- Ты сейчас внутри книжки про Остров. Слышишь скрип пера?
- Какого еще пера?
- Которое пишет книжку – про тебя.
- Про меня?! Книжку?!
- Да.
- И все ее будут читать?!
- Конечно.
- Про то, как ты… меня… только что… как я…
- Именно.
- Да я ж умру со стыда!!!
- Почему.
- Ну стыдно, чтоб все такое про меня знали.
- Нууу… я назову тебя как-нибудь по-другому.
- Так это ж тогда уже буду и не я. И никто не узнает.
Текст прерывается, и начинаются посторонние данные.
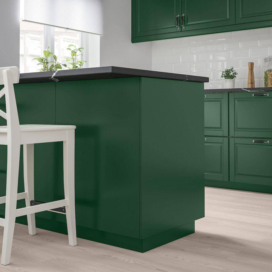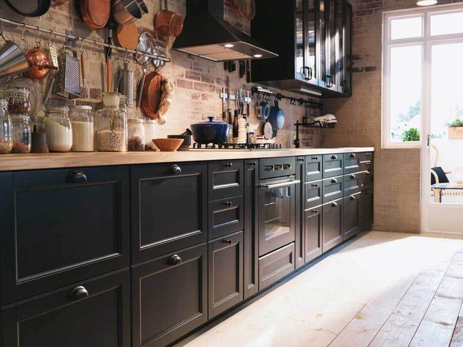 Темнее уже не придумаешь! Черный гарнитур Икеа одновременно немного деревенский (из-за высоких стеклянных шкафов) и классический (благодаря традиционным формам). Отлично сочетается с черным островом Вадхольма. Изготавливается из массива и шпона ясеня.
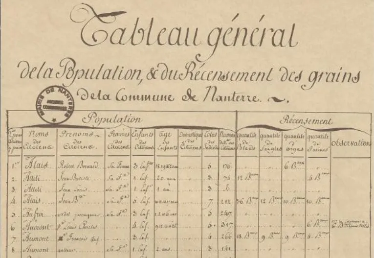 - Tableau général population et du recensement des grains de la commune de Nanterre (extrait) - Société d’Histoire de Nanterre
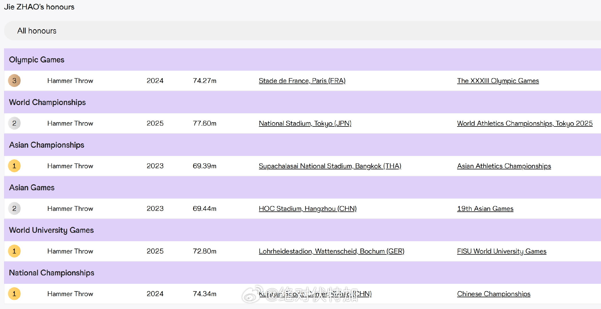 赵洁,巴黎奥运会女子链球铜牌、东京田径世锦赛银牌获得者,刚刚在成都全国田径投掷项群赛(第二站)中以78.22米打破亚洲纪录。原纪录为王峥在2014年创造的77.68米。赵洁2002年10月出生。
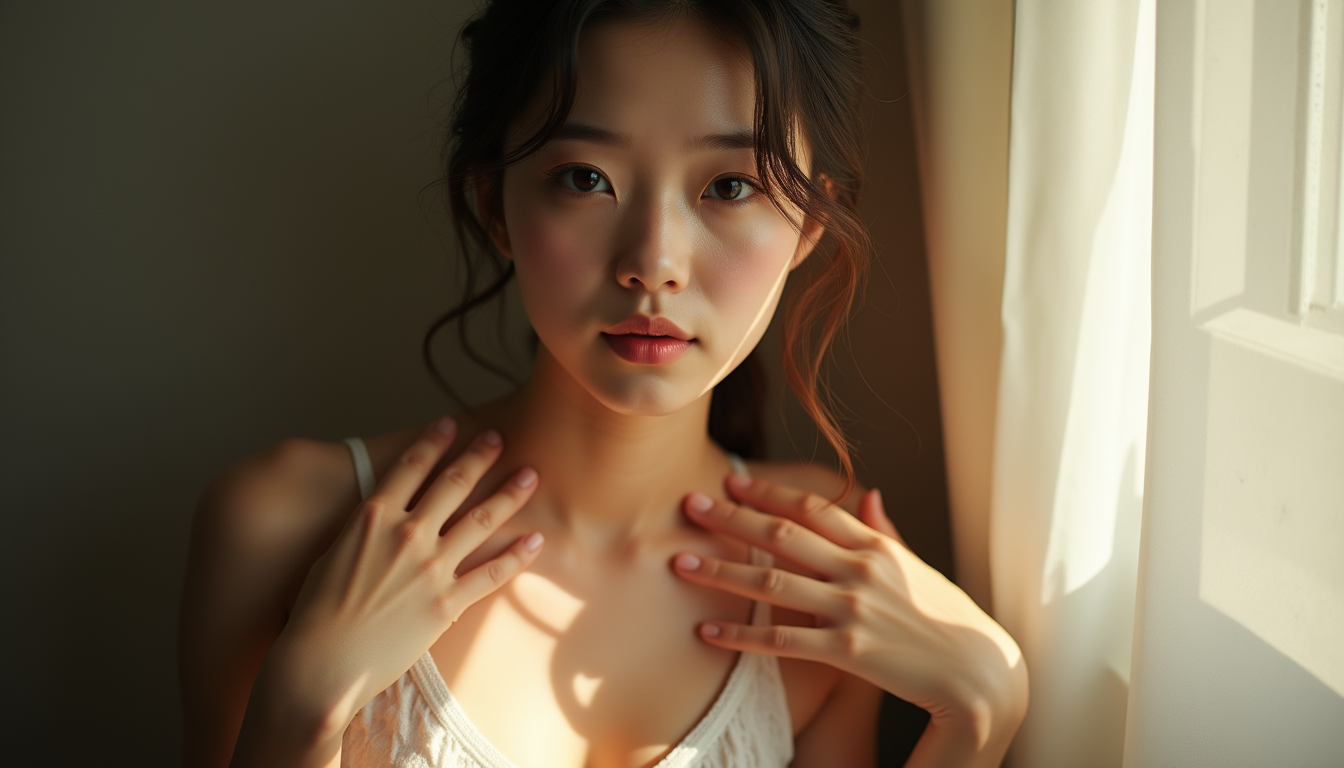 (masterpiece, best quality, photorealistic, 8k, (ultra-detailed skin:1.4)), an artistic, sensual portrait of a Chinese young woman with (a heart-shaped face and a captivating gaze). (Soft light from a window illuminates one side of her body, casting dramatic shadows that highlight her (full bust and curved waistline)). She is dressed in (simple cotton underwear), her (hands gently tracing her collarbone). The composition focuses on her (torso and face), creating an intense and personal connection. Shot on a Fujifilm GFX 100 with a 110mm f/2 lens, (high contrast, film noir ambiance), (emphasis on texture and form), (mood of quiet confidence and profound femininity).
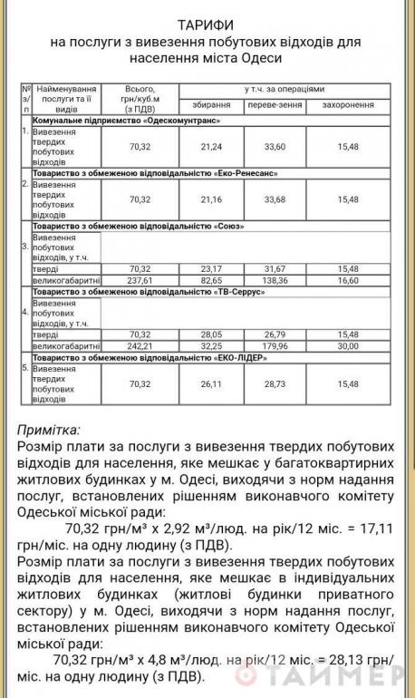 Источник: timer-odessa.netРешение горисполкома: в Одессе подорожает вывоз мусора
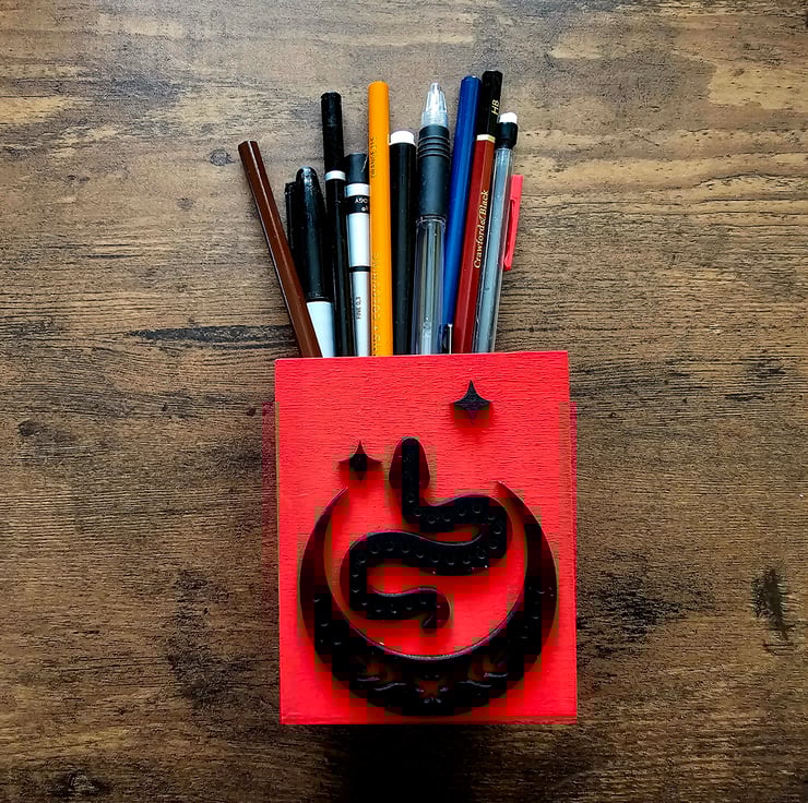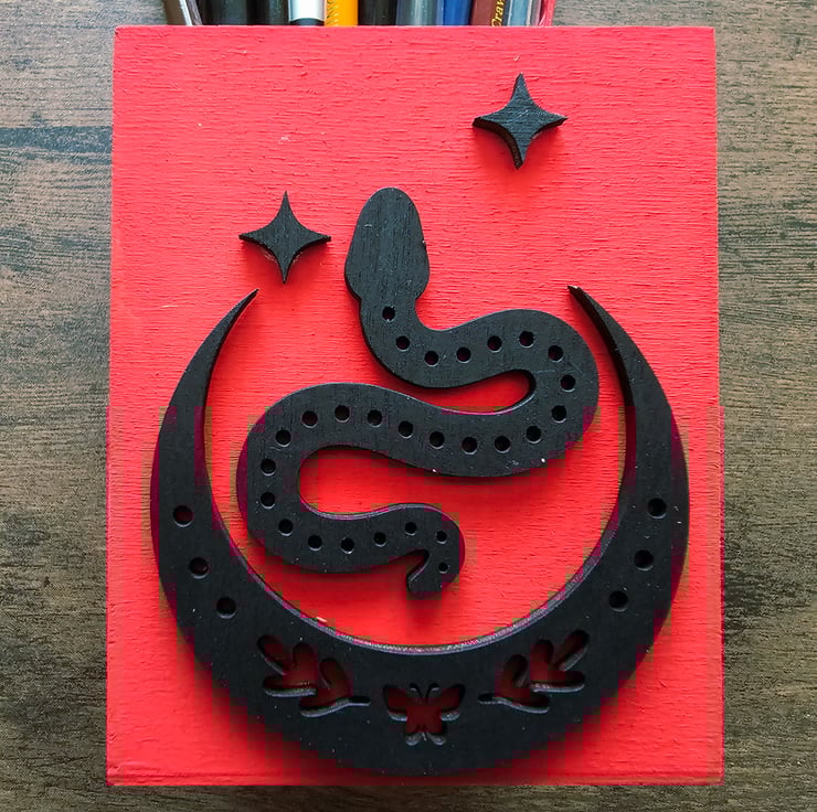 Beautiful handmade celestial snake and moon pen, brush pot or desk tidy.
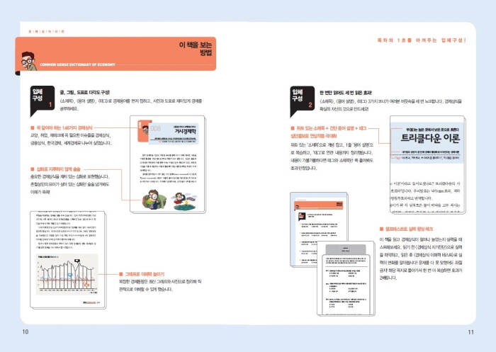 ÀÌ Ã¥Àº ¸¶³É ½¬¿î ³»¿ë¸¸ ¸»ÇÏÁö ¾Ê´Â´Ù. °æÁ¦»ó½Ä, ±ÝÀ¶»ó½Ä, Çѱ¹°æÁ¦, ¼¼°è°æÁ¦ 4°¡Áö ÁÖÁ¦·Î Á¤¸®ÇÑ 146°³ÀÇ °æÁ¦»ó½ÄÀº Ãʺ¸ÀÚ¿¡°Ô´Â ´Ù¼Ò ¾î·Á¿î ºÎºÐµµ ÀÖ´Ù. ±×·¯³ª À§Æ® ÀÖ´Â <¼ÒÁ¦¸ñ>, ÇÑ ÁÙ <¿ë¾î¼³¸í>, ¿¬°ü ³»¿ë±îÁö Á¤¸®ÇÑ <ű×>ÀÇ 3´Ü ±¸¼ºÀº 1¹ø¸¸ Àо 3¹ø ÀÐÀº È¿°ú¸¦ ÁÖ¸ç, ³»¿ëÀÌ °¡¹°°¡¹°ÇÒ ¶§ ÅÂ±×¿Í ¼ÒÁ¦¸ñ¸¸ ÈȾîºÁµµ È¿°ú ¸¸Á¡ÀÌ´Ù. °æÁ¦¿¡ ´ëÇÑ Áö½ÄÀº ÀÖÁö¸¸, ±× Áö½ÄÀÌ Èð¾îÁ® ÀÖ´Â Áß±ÞÀÚ¿¡°Ôµµ ÇÙ½ÉÁ¤¸®·Î À¯¿ëÇÏ´Ù.
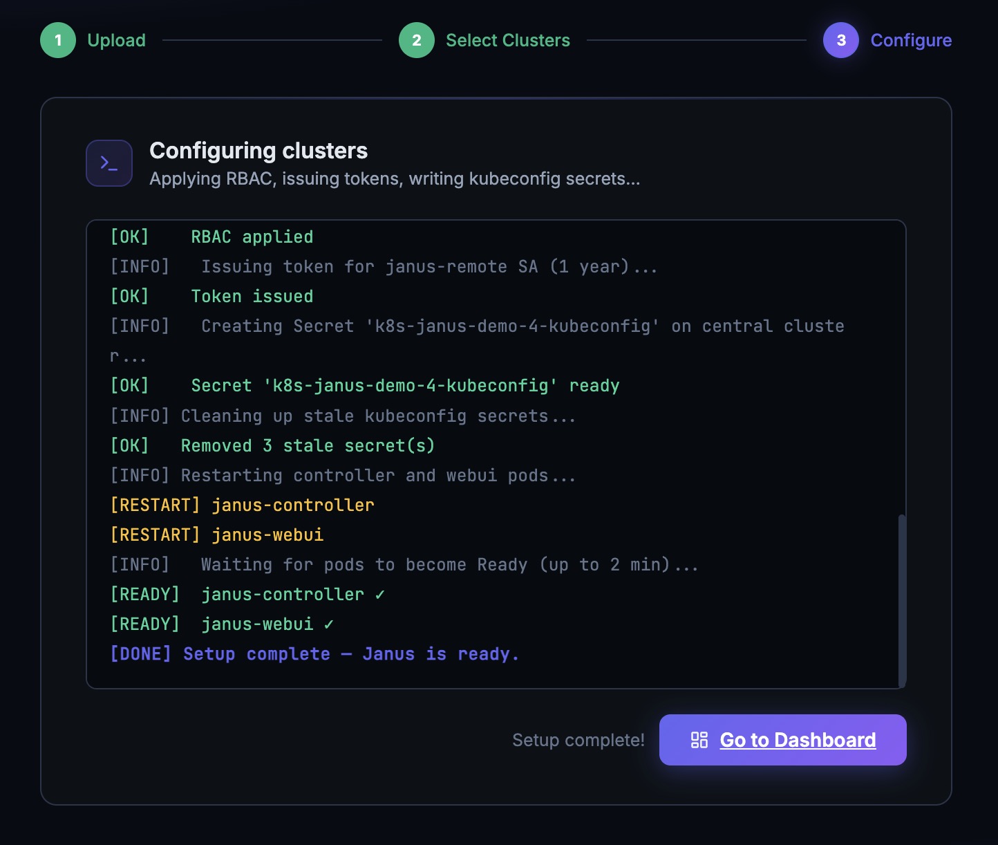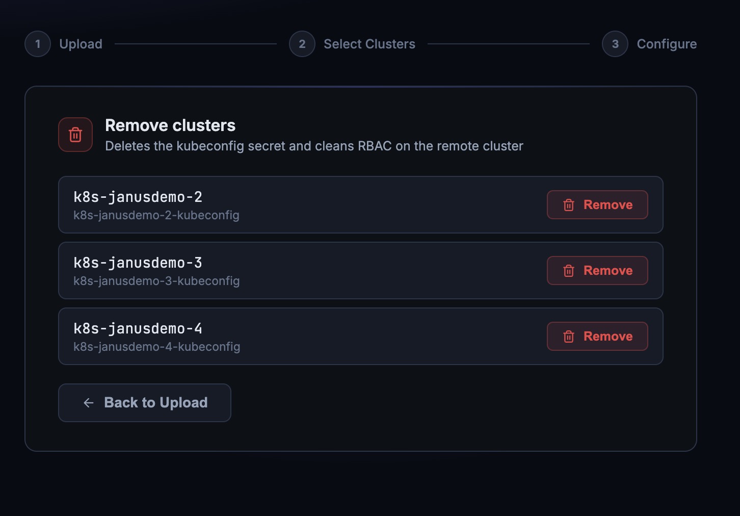 janus-remoteRBAC to each remote cluster - Issues a scoped 1-year token and creates the
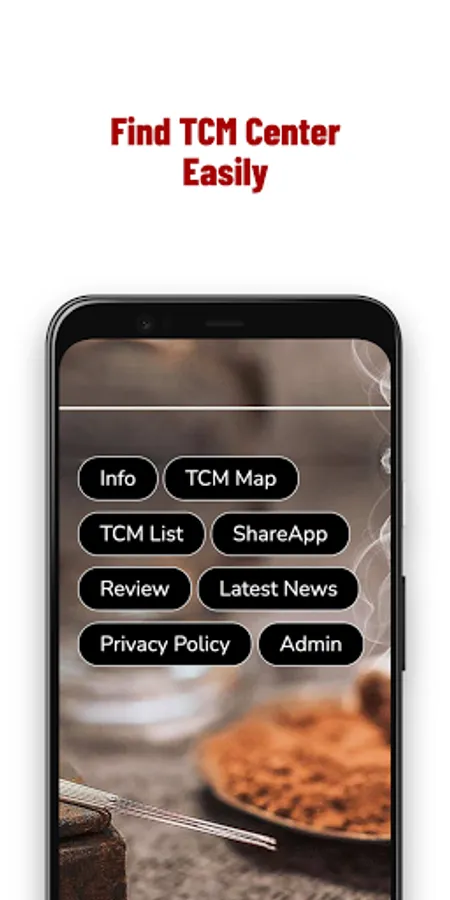 * Nearby features allow user to find nearby TCM Centers from current location.

- А ты хочешь, чтоб узнали? Честно.
- Нууу… даже не знаю. Знаешь что, Майкл.
- Что.
- Ты скажи… перу своему этому… пусть оно пишет потихоньку… а там посмотрим.
- Ладно. Только запомни одну вещь.
- Какую.
- Это ведь только начало книжки.
- Начааало?!!!
- Ну да.
- А что будет потом?!
- На что ты способна, то и будет.
- Да я… да я щас вот задушу тебя, и будешь знать, на что я способна!
- Ладно, маленькая. Раздевайся. А то ты же ведь все еще одета. А уже семнадцатая страница.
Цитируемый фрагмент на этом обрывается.